MTGやり込んで幸せなオーラが出てきた

 「魂のカード」というのは良く言ったもので、MTGのパックを開けて出て来て「おっ」と「使えそう」とか「カッコいい」とか「何だろう?」と思ったカードを実際にゲームで活躍させてやりたいと思う所が心の出発点であったと思う。

 んでまあ、ゲーム全体の成り行きが分かって来たところで、実はMTGのデュエルというのは決まる時「あっけない」感じで終わることも多いのだが、アツいデュエルというのがどんなものかというと、戦場に互いにクリーチャーやアーティファクトにエンチャントが並び、拮抗して、手札を読み合う。

 そうすると、そういうデュエルがしたいなら、一撃で終わる大型クリーチャーというのはゲームを終える決め技であるわけだから出たらゲームは終わるので、アツいデュエルの正体は前座の小型クリーチャー群とそれに作用する強化やダメージなどの特殊効果ということになってくる。そうなると戦場を一掃する全除去などもシラケ要因のひとつではあるが、そこまで含めてアツくなれるということをすると速攻に寄り過ぎてこれも戦場がアツくなる前に決まってしまったりする。最近のイタリアンがそうだった。

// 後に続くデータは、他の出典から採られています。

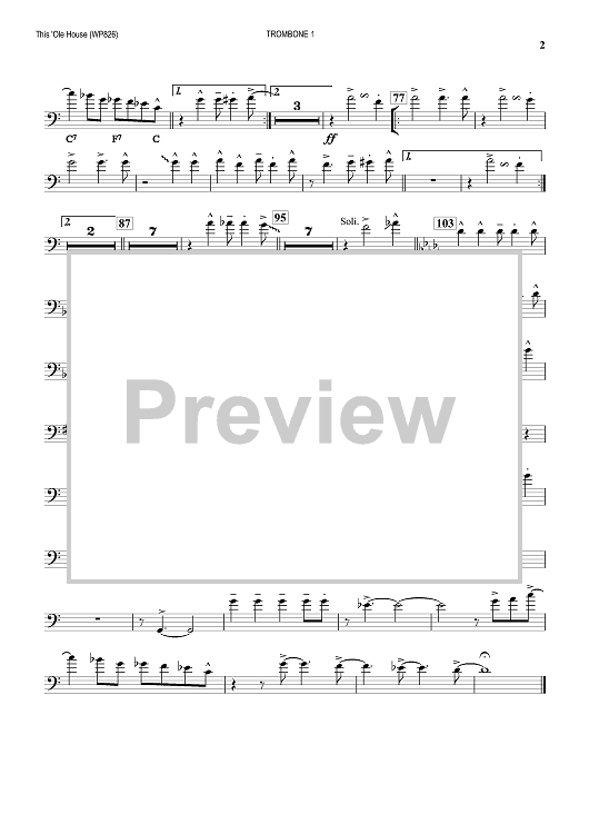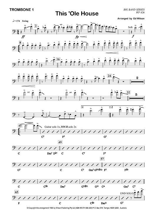 Digital Sheet Music for This 'Ole House - Trombone 1 by Ed Wilson scored for Jazz Ensemble; id:356708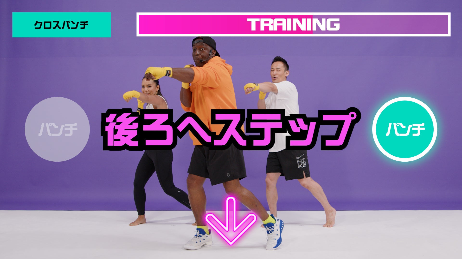 BOOM BOOM BOXINGは、ビリー隊長と一緒にゲーム感覚でボクササイズレッスンを楽しめるプログラムです。画面に表示される色とりどりのCGアニメーションにあわせて、パンチやボクササイズステップを繰り返します。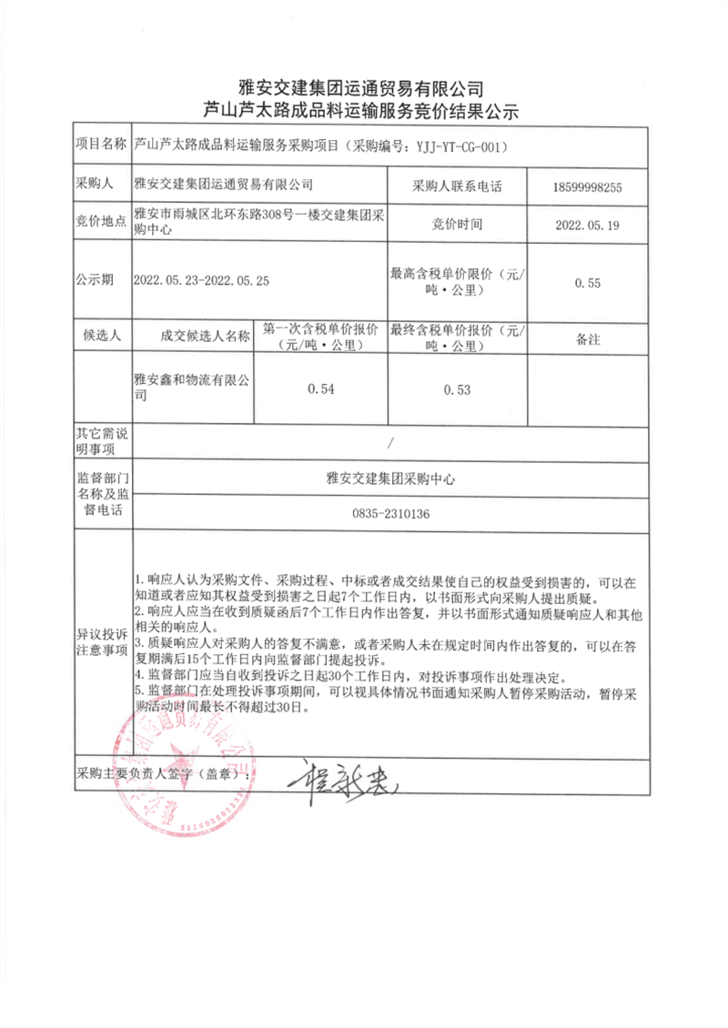 亿万先生MR集团运通贸易有限公司芦山芦太路成品料运输服务竞价结果公示

 だから、そうであるなら、小型で押すにしてもそれで勝ってしまっても良いが、基本的には並べて守るのが軸になり、並べるなら数は必要で、そして全除去ではなくここに作用する強化やダメージなどのほうが互いに並べたときに読み合いが発生するので、デッキメイクからそうした場合に、奇跡のようなアツいデュエルが盤面に再現されることがあるのだろうなと思っている。

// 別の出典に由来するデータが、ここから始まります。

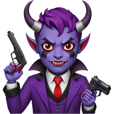 Cara redonda Diablo morado garrando dos pistolas emoji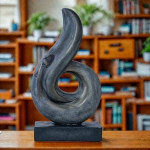 An art piece featuring a central void and a body reminiscent of a flame's shape. Crafted with artistic flair and symbolic depth, this captivating artwork evokes the essence of passion and inspiration. Whether displayed in a living room, studio, or gallery, it becomes a focal point of contemplation and imagination. Embrace the transformative power of creativity and elevate your decor with this striking statement piece.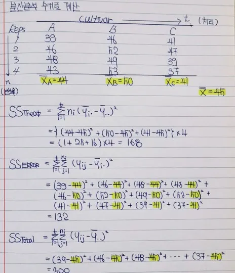 Let’s examine the handwritten calculation. There are three varieties, A, B, and C, and there are four repetitions. The average yield of A is 44, B is 50, and C is 41, and the overall mean is 45.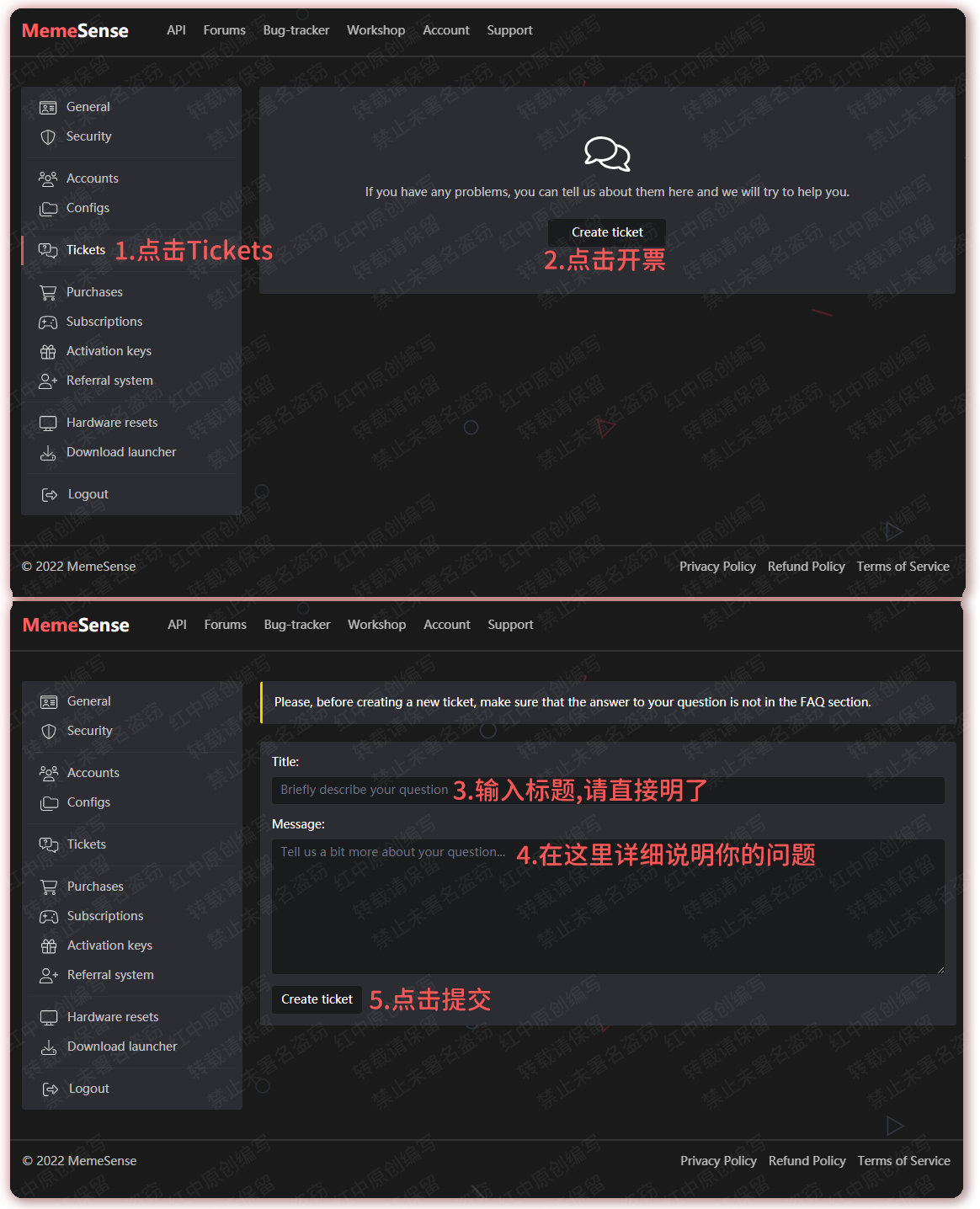 银色 MemeSense开票 进入官网并登录 MemeSense - private cheat for CS:GO 如图操作 推荐使用英文说明 标题:如果你需要解绑就写HWID RESET这样简单明了 内容:说明为什么需要解绑以及提交对应信息,比如新电脑/重装系统之类的

 まあ、トッププロがドラフトの卓でそういうデュエルを見せていたら、それはある意味で八百長かもしれないというのが日本からプロツアー渡航したものが勝たせてもらえたが、ガイジンのデュエルは違うみたいな話にも見え隠れするものだが、俺の本願がミラージュ限定構築の大会に藤田さんに同行してポンと渡された青赤のデッキの調整要因として、1日かけて知らない人と6回もデュエルした東京大会の思い出があり、その優勝の石田格の黒青赤デッキが不思議で仕方なかったのが、今や不思議でなくなったことだ。弱っちいカードが並んで不思議と皆が決めたいような大技が最後に決まる。どうしてそんなことがグチャグチャに入れて繰るゲームの中でしかも大会で頻繁に起こるのか。その謎が解けたように思う。

 まあ観戦でごった返していて、チラ見えしかしなかったが、恐らく黒ウィニーでギルドメイジ、再生付きフランカー黒騎士、大クラゲ、知恵の蛇、ネクラタルなどがバランスよく入っており、そこに火葬、ダークバニシングなどの除去にリアニじゃないけどネクロマンシーと決め技のネクロサーバントとミストドラゴンというレシピだと思う。あの環境には島渡り再生のリバーボアがいるので、島なし黒青というのが話題だった気がするし、そのために多色ランドが入っていて赤にもタッチ出来たのだろう。

 ミラージュ限定構築はもう無いし、あの環境の世界戦はプロスブルームで終わった。

 それでも俺の心にはあの時の決勝で自分も持っているような普通のカードがテーブルにビシッと並んで、やりたい決め技が本当に決まって、特別なカードでなくても優勝できるんだなぁというような感想を抱いて帰ったのだと思う。

 まあでも、同じ土地を揃えるだけで箱買い1万円くらいでは効かないくらい土地が並んでいたとも思うがな。多色ランドがMTGの強さの源泉で、それを揃えていれば、新しいセットのゴミにされがちな小さなコモンカードを色々使ってデュエルを遊べる。

 デュアルランドどころか、基本地形でもゲームが出来るほど持っているのは珍しいのだから、まあカードそのものがオモチャで繰って遊ぶのは最高の贅沢よな。